■ What is being asked ■
Copy exactly the stretch of data below from the line with "- 【3 Ways to" through the line with "ふとんの丸洗いならダニだけで", including both of those lines.

(Extracted records)

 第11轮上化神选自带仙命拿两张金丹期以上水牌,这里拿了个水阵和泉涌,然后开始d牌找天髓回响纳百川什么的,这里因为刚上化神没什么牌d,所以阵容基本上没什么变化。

(End Extracted records)
(Extracted records)

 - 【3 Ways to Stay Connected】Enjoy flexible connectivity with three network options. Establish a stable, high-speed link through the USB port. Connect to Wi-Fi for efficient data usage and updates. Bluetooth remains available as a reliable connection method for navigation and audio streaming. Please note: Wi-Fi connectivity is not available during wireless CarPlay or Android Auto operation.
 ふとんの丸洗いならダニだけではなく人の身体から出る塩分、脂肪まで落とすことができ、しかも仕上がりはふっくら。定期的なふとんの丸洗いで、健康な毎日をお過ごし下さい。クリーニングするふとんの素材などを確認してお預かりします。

(End Extracted records)

■ Reply to the task ■
 - 【3 Ways to Stay Connected】Enjoy flexible connectivity with three network options. Establish a stable, high-speed link through the USB port. Connect to Wi-Fi for efficient data usage and updates. Bluetooth remains available as a reliable connection method for navigation and audio streaming. Please note: Wi-Fi connectivity is not available during wireless CarPlay or Android Auto operation.
 ふとんの丸洗いならダニだけではなく人の身体から出る塩分、脂肪まで落とすことができ、しかも仕上がりはふっくら。定期的なふとんの丸洗いで、健康な毎日をお過ごし下さい。クリーニングするふとんの素材などを確認してお預かりします。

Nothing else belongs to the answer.